Any retirement payments that Fred has been paid will only be taxed at the 15% rate and any termination payments will only pay 21.5% to the tax office. This means that Fred will have a lot more money in his pocket than if he'd just been given a big final bonus for performing so well over the past seven years.
I'm no tax expert, but all this secrecy and unusually limited disclosure is not a good sign for a company that itself runs daily scrutiny on society and business.
33. Will David Lowy replace his dad in charge of soccer?
By Stephen Mayne
While Frank Lowy has deservedly received enormous praise for the way he and John O'Neill have transformed soccer in Australia, it is worth considering who else has played a key role.
Only a few thousand people would have been listening, but Australian Sports Commission chairman Peter Bartels rang in to SEN on Sunday night and spent about 20 minutes explaining the process as to how Lowy came to be in charge.
It was Bartels who first approached Lowy asking him to rescue soccer in Australia and Lowy then said he wanted to be asked directly by the Prime Minister, so he knew there was complete support for the estimated $14 million of taxpayer funds that were being offered as part of the deal.
The PM duly obliged, so Lowy signed up for an initial two year term and was allowed to hand-pick a supportive board including Ron Walker, John Singleton, Suzie Williams, wife of Crown Casino founder Lloyd Williams, veteran Coalition staffer Ron Harvey, long-time Lowy mate, property developer and ongoing soccer player Phillip Wolanski and Brian Schwartz, the former CEO of Ernst &Young, the long-time auditors of Westfield.
Bartels deserves credit for his role, even though he has been largely shunned by corporate Australia since bowing out as Coles Myer CEO in 1996-97. Instead, the gold medal cyclist from the 1962 Commonwealth Games has thrown himself into his sporting duties and even had a public difference of opinion with Ron Walker recently over whether he should participate in the Queen's Baton Relay ahead of the Commonwealth Games.

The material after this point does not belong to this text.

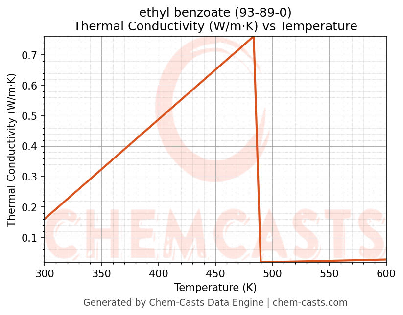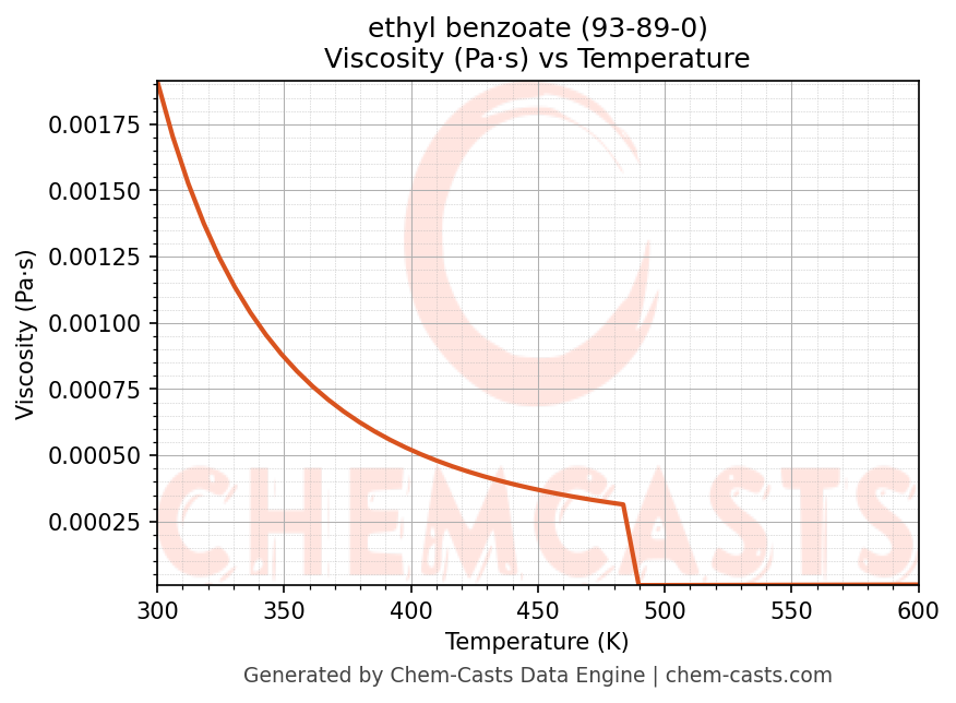 This page presents the temperature-dependent thermodynamic and transport properties of ethyl benzoate (CAS 93-89-0) calculated at a constant pressure of 1 atm (101325 Pa) over the temperature range 250-500 K.

The complete board and management structure of the FFA is laid out here, although we're still trying to get our hands on some sort of annual report to understand the governance structure. CEO John O'Neill is certainly getting plenty with a package worth $800,000 a year but he has sensibly brought in plenty of former colleagues from the ARU to hammer out broadcasting and sponsorship deals. A quick look at the FFA website suggests they've now locked in loads of sponsors like Qantas, NAB, Coca Cola Amatil, Hyundai and, of course, Westfield.
Frank Lowy initially signed up for two years but then extended by a year until November 2006, after the World Cup is well and truly sorted. By then he'll be 76 and it will be time for someone else to take over. While nepotism is not something that should normally be encouraged, there are suggestions that Frank would like his soccer mad son David Lowy to take over as chairman. What a splendid idea.
David is the only one of the three Lowy boys who has bowed out of executive duties at the shopping centre giant. However, he's done a Lachlan Murdoch by staying on the board as deputy chairman, but would have the time to devote to ensuring Australian soccer continues to grow.
David Lowy was a keen soccer player as a kid and used to tear around the park with fellow Rich Lister Phillip Wolanski, who sits on the FFA board with his dad. This is vital as you can't have a situation where the FFA board is full of people whose first love is another sport. For example, when John Singleton talks sport in public, it's normally rugby league.